March 5, 2010 by Gerard M. Nadal

Olympia, WA (LifeNews.com) — A new report from the Washington health department reveals at least 36 people died after they killed themselves under the first year of the state’s new law legalizing assisted suicides. The law was only enacted for nine months during 2009 after voters approved it on the 2008 ballot.

Read the rest here.

This is only the beginning. A patient, terrified of what-death itself? The sudden realization of finality? Fear of nonbeing? These, tied up with the thought of pain and suffering in a mutual synergy producing for the patient realities that will in all likelihood never come to pass.

Most patients who receive terminal diagnoses fear the loss of control. Suicide gives them that which their fear drives them toward-control over their ending. But why should medicine be allowed to play along in this tragic delusional thought? What is ironic is that these laws are being passed at precisely the moment in history when palliative care is undergoing revolutionary advances. If ever there were a time for medicine to coordinate its forces in psychiatry and palliative care, this is that time. However, that is not the consensus among those going into medicine, nursing, and public health.

Over at Jill Stanek’s site, I was participating in a discussion this week about the regrets felt by post-abortive mothers. Based on the testimonies of hundreds of women, I wrote the following:

“They all describe the same experience.:

Cold room.

Cold metal table.

Cold impersonal staff.

Cold, unfeeling physicians.

Cold and despair filled post-op rooms.

The word here is COLD, which conveys the essence of murder, of lifelessness, of lovelessness.”

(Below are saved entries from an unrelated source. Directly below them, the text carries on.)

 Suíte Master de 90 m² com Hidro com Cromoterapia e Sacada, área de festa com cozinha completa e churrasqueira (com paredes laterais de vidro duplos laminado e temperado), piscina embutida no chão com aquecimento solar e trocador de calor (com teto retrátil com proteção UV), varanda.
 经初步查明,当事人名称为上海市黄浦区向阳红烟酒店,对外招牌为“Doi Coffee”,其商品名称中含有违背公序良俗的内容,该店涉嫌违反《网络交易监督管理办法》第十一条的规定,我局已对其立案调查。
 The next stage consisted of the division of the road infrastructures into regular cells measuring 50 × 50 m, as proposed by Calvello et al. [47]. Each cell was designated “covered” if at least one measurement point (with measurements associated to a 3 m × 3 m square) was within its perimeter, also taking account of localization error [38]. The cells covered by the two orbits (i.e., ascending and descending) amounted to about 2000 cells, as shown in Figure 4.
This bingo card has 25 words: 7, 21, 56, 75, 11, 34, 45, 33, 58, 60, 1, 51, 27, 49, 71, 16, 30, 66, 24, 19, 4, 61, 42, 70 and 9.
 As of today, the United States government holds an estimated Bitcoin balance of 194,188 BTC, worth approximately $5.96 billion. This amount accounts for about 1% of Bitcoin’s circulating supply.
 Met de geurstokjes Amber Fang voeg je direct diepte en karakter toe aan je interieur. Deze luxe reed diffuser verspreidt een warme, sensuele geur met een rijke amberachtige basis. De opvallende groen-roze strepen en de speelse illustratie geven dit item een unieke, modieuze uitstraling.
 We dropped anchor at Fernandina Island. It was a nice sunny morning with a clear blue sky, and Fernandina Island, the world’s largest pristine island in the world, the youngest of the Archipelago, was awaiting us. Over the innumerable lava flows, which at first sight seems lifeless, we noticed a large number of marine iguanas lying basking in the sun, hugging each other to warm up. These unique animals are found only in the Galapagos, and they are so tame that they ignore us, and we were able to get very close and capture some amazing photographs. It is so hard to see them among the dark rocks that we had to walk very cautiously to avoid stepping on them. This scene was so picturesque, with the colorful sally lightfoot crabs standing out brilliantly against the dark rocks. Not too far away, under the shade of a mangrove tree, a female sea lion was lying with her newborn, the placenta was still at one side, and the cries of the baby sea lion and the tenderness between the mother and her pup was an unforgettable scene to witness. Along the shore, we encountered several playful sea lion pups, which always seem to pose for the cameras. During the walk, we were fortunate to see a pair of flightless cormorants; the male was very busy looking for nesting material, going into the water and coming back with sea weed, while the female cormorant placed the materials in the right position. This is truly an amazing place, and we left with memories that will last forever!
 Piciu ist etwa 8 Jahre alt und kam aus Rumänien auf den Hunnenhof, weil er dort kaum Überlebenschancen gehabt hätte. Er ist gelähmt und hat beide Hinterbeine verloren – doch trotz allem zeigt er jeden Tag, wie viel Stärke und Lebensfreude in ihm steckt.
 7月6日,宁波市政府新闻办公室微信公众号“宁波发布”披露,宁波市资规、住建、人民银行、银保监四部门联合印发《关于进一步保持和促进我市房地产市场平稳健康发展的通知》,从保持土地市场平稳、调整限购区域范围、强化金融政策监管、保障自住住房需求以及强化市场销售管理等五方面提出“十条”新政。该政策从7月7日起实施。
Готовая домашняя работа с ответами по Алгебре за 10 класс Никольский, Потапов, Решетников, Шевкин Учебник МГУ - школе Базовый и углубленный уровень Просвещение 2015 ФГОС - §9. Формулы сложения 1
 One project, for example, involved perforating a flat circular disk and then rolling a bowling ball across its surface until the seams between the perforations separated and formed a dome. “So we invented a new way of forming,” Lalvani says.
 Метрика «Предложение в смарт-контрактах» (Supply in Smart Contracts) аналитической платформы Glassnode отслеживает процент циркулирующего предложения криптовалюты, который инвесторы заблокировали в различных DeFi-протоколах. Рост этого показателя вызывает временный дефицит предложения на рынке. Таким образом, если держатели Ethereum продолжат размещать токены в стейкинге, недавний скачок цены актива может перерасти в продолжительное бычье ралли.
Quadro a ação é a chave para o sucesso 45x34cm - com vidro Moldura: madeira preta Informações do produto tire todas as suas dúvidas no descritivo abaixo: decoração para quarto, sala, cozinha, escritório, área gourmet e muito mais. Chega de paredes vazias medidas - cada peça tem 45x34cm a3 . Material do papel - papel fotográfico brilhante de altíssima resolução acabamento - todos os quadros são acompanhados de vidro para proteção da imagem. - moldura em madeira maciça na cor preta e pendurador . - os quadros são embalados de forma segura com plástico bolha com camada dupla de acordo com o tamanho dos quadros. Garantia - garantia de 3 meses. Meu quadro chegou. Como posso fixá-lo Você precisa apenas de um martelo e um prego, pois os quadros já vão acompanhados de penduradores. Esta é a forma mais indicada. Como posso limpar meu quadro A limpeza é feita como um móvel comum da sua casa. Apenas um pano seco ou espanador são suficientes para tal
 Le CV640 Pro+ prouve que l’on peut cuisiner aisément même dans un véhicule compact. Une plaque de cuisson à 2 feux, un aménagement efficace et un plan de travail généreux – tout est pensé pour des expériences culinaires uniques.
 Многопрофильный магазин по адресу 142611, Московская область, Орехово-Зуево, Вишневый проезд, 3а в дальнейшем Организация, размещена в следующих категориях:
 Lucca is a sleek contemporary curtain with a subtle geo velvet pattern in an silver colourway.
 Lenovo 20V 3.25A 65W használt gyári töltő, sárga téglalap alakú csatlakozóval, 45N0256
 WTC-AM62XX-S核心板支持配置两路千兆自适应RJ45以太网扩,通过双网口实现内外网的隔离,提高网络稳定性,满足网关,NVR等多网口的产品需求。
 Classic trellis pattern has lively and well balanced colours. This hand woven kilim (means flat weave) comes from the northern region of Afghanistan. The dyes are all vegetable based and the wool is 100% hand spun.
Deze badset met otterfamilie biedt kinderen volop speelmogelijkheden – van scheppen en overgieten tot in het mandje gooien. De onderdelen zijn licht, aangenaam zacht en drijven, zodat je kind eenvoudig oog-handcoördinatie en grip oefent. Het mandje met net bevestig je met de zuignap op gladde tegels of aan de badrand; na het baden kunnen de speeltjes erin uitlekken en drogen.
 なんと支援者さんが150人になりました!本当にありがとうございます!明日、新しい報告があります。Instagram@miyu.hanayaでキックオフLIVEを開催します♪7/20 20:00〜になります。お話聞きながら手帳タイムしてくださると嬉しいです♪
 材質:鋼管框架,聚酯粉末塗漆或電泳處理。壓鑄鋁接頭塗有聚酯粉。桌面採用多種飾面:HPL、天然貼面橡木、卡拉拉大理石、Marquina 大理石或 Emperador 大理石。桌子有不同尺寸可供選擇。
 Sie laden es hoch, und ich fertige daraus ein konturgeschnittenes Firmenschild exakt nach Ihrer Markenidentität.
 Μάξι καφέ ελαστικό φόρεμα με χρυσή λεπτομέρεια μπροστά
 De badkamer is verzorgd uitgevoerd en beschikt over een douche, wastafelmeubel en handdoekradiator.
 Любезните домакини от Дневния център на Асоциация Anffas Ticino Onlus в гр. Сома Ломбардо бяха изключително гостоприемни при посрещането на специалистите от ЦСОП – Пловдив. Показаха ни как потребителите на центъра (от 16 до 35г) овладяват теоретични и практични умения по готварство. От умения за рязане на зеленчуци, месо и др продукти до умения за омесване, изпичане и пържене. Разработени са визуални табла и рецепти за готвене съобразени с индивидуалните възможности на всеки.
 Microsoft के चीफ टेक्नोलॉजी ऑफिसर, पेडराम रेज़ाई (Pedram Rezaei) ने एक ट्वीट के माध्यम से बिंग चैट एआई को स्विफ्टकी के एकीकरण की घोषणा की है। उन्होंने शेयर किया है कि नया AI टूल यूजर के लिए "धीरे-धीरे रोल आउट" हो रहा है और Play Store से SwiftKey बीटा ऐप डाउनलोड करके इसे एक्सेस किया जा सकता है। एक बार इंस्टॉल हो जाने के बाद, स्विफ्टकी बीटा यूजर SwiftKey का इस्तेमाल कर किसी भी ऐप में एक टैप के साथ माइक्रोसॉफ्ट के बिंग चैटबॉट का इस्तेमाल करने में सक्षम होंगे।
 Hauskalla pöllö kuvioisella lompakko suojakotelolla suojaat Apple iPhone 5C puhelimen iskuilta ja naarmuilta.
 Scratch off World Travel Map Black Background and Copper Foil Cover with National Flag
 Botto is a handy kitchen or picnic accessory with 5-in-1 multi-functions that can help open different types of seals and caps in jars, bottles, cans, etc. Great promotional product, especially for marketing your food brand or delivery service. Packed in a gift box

A young woman, Megan, who is herself proudly unrepentant in her post-abortive state, and pursuing a Master of Public Health Degree wrote the following in reply:

“Gerard, shut up. I don’t apologize for my incivility. You have NO idea what you’re talking about. I’ve sat on “cold, metal tables” in an abortion clinic and many hospitals. Ho-hum. Neoliberalism dictates that efficiency is our highest virtue, rather than attentive care and compassion. When my mother was hospitalized with sequelae from her second pregnancy, nobody tucked her in with fluffy pink pillows. “Coldness” characterizes the ENTIRE medical system.”

This is what is increasingly being heard as the voice from within the medical establishment. There are connections between abortion and suicide.

They are both motivated by fear, by a sense that control is slipping from their hands.

They are both motivated by hopelessness, by a sense that the future holds no redeeming value.

They are both motivated by a sense of helplessness, a fatalism firmly rooted in fear and hopelessness.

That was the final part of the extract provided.